**WHAT YOU WILL DO**: Reproduce every line below exactly as written; do not include the images.
────
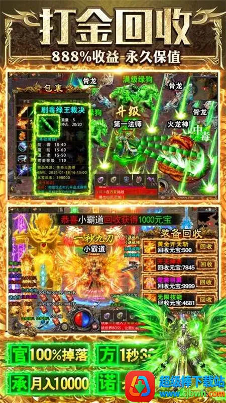 特色的装备系统,装备元宝全靠打,还有多种神器不断更新,如绿毒屠龙、寒冰骨玉、逍遥魅扇等。
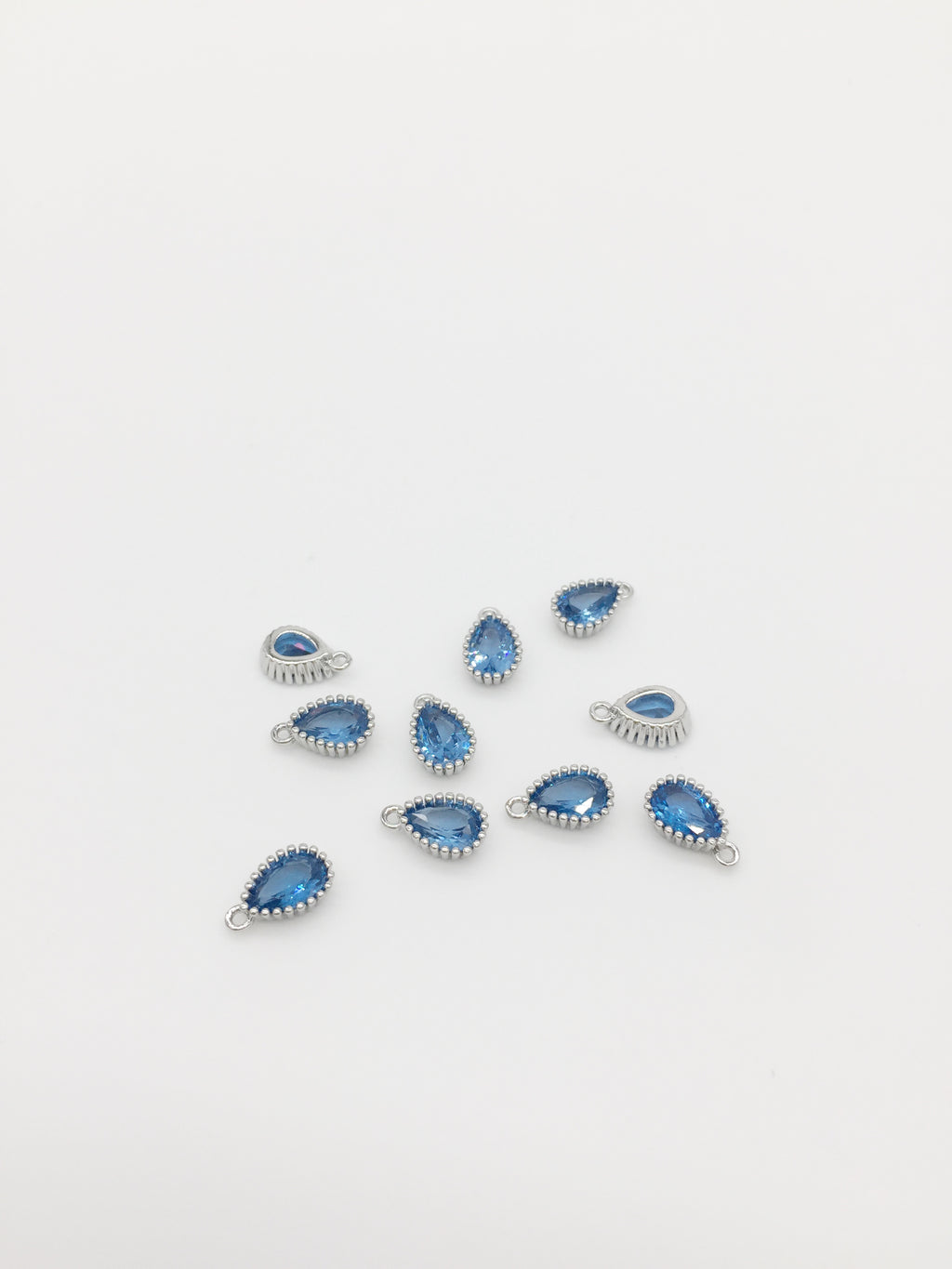 Rhodium plated cubic zirconia teardrop charm, blue colour
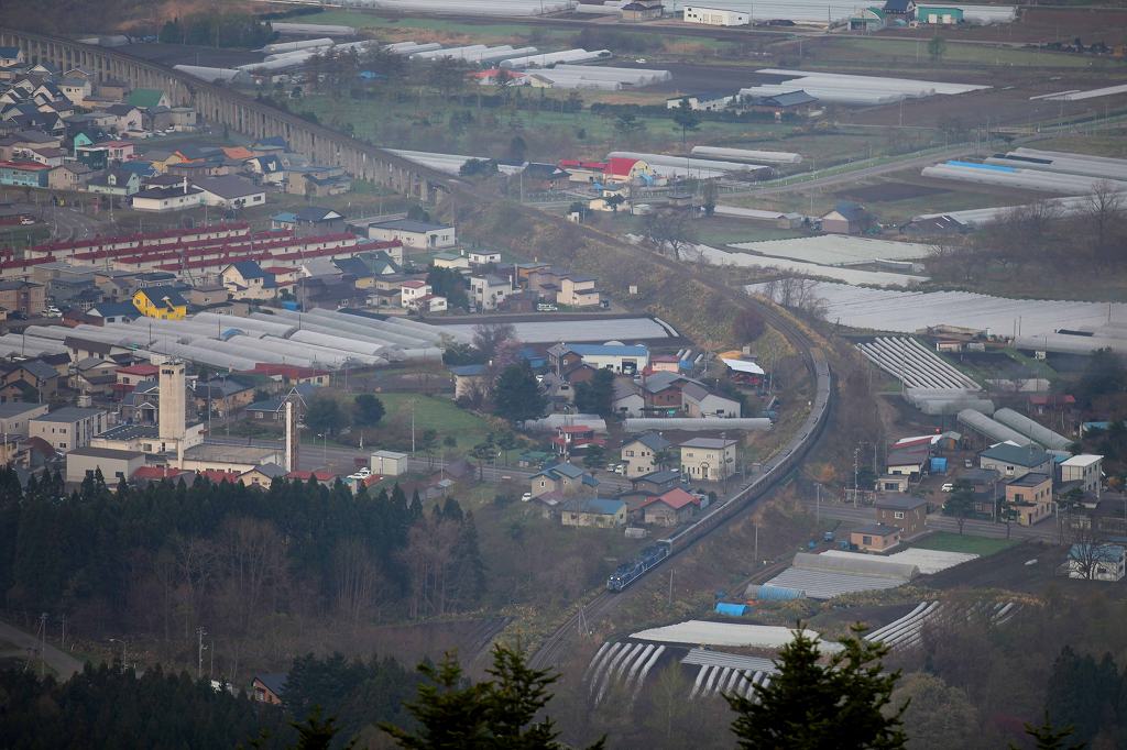 EXP(七飯〜大沼)大阪からほぼ毎日運転されるトワイライトEXPは短く車体色が目立ち難く俯瞰には向いていないようだ。 5:31 撮影。
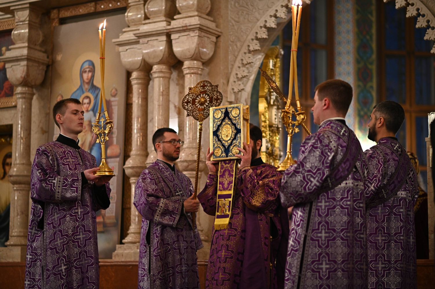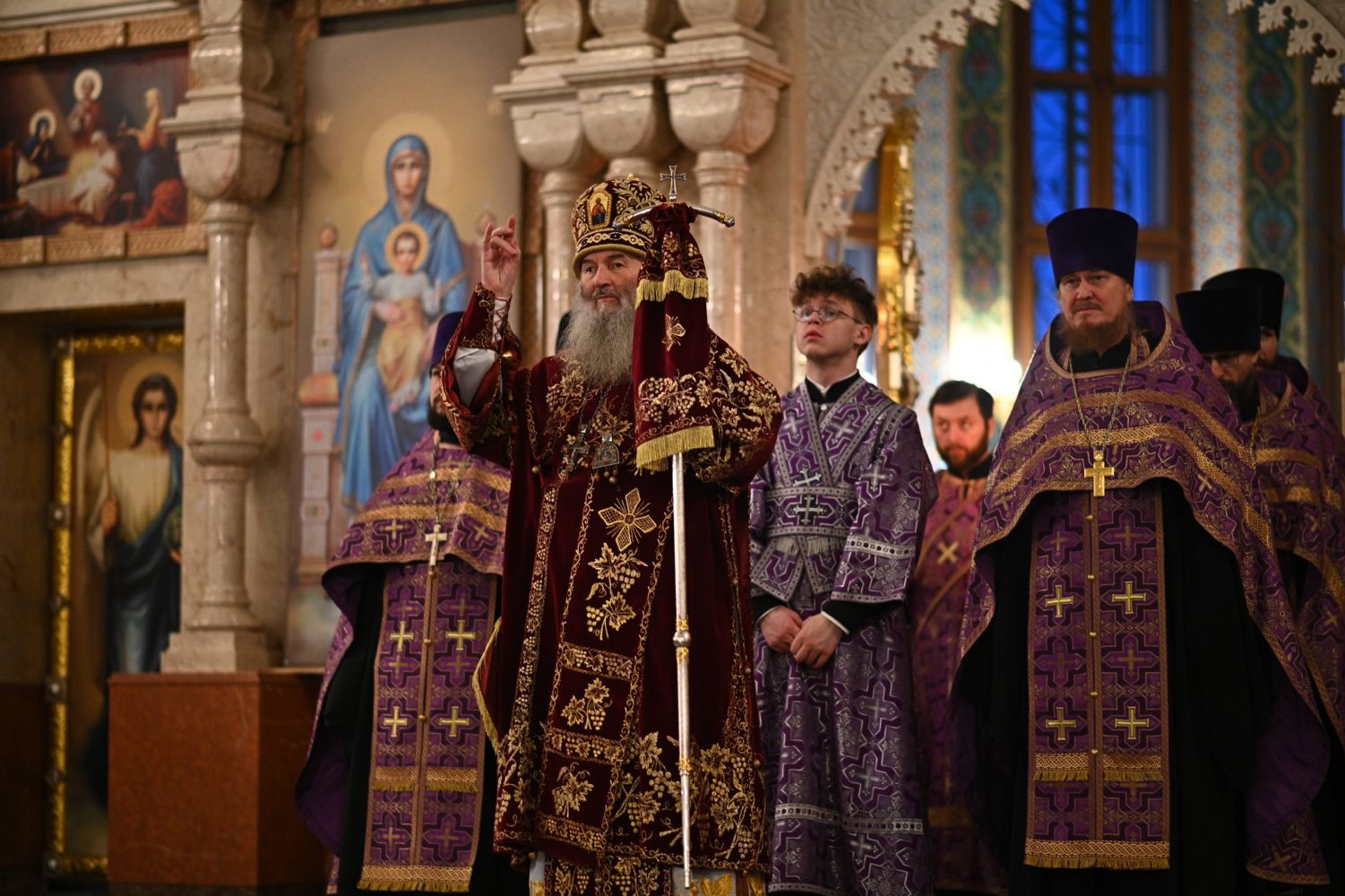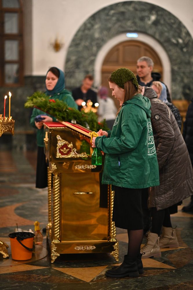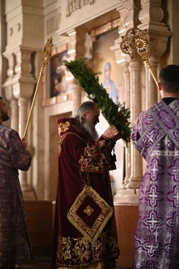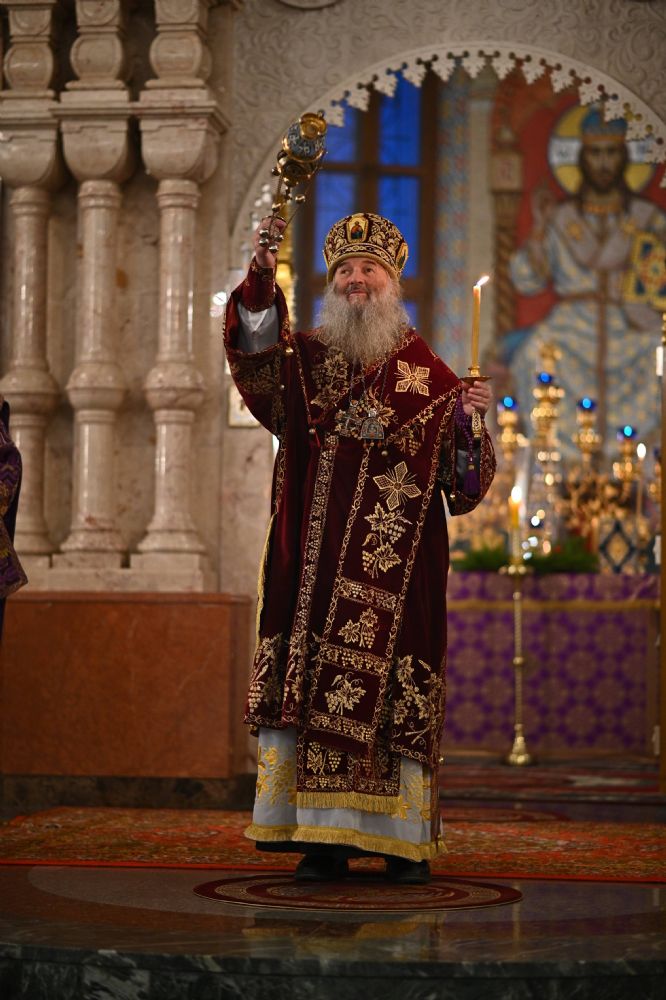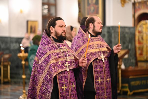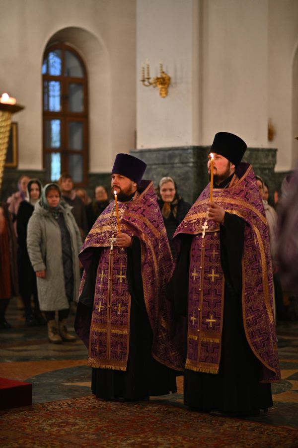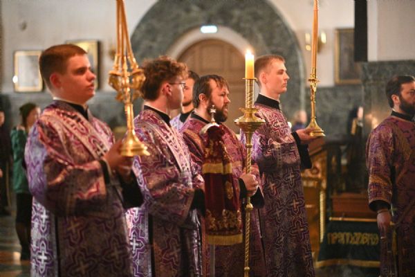 Архипастырю сослужили ключарь собора протоиерей Сергий Поглазов, клирики собора иереи Никифор Захаров, Евгений Самойлов, Александр Староверов, Иоанн Милютин и диакон Артемий Бобоч, а также протодиакон Михаил Козловский. Песнопения исполняли старший и младший составы детско-юношеского хора «Благовест» под управлением регентов Татьяны Черновой и Надежды Поздеевой.
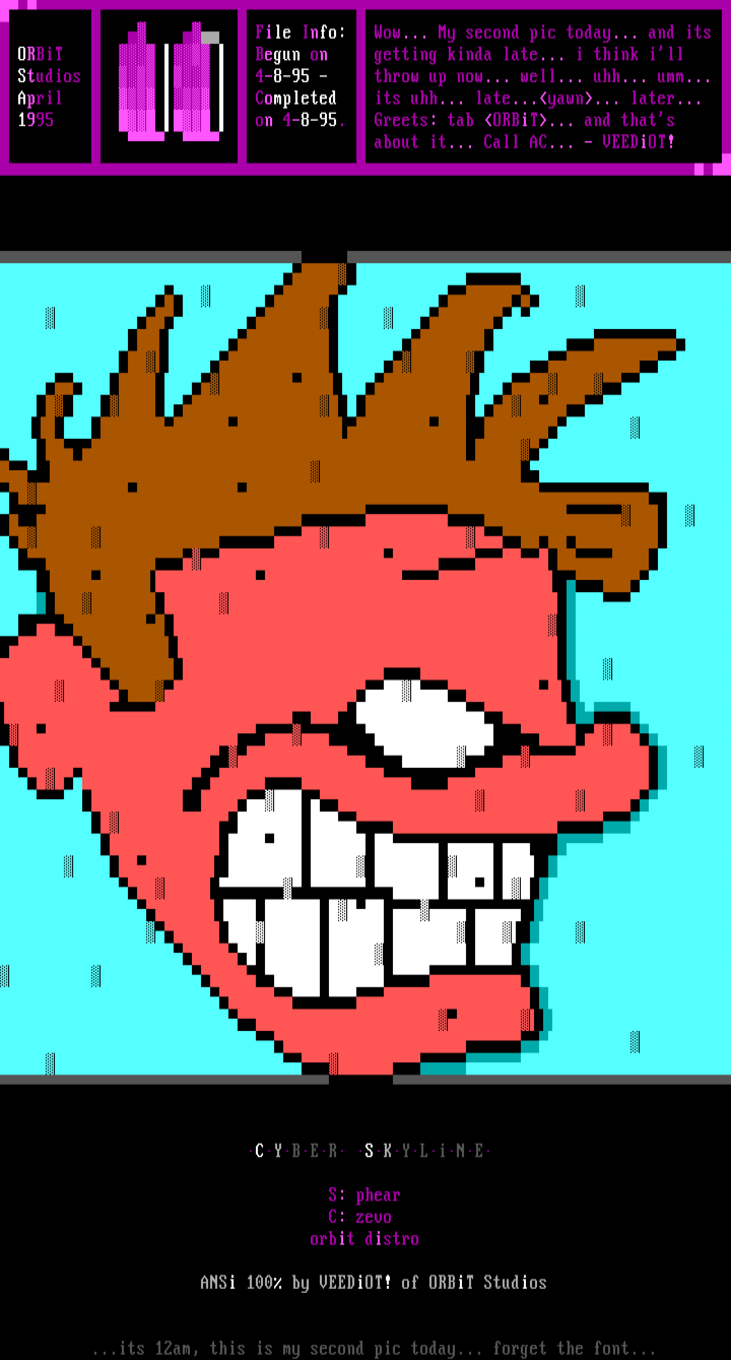 File Info: Wow... My second pic today... and its ORBiT Begun on getting kinda late... i think ill Studios 4-8-95 - throw up now... well... uhh... umm... April Completed its uhh... late...yawn... later... 1995 on 4-8-95. Greets: tab ORBiT... and thats about it... Call AC... - VEEDiOT!
────
**EXERCISE ANSWER**:
 特色的装备系统,装备元宝全靠打,还有多种神器不断更新,如绿毒屠龙、寒冰骨玉、逍遥魅扇等。
 Rhodium plated cubic zirconia teardrop charm, blue colour
 EXP(七飯〜大沼)大阪からほぼ毎日運転されるトワイライトEXPは短く車体色が目立ち難く俯瞰には向いていないようだ。 5:31 撮影。
 Архипастырю сослужили ключарь собора протоиерей Сергий Поглазов, клирики собора иереи Никифор Захаров, Евгений Самойлов, Александр Староверов, Иоанн Милютин и диакон Артемий Бобоч, а также протодиакон Михаил Козловский. Песнопения исполняли старший и младший составы детско-юношеского хора «Благовест» под управлением регентов Татьяны Черновой и Надежды Поздеевой.
 File Info: Wow... My second pic today... and its ORBiT Begun on getting kinda late... i think ill Studios 4-8-95 - throw up now... well... uhh... umm... April Completed its uhh... late...yawn... later... 1995 on 4-8-95. Greets: tab ORBiT... and thats about it... Call AC... - VEEDiOT!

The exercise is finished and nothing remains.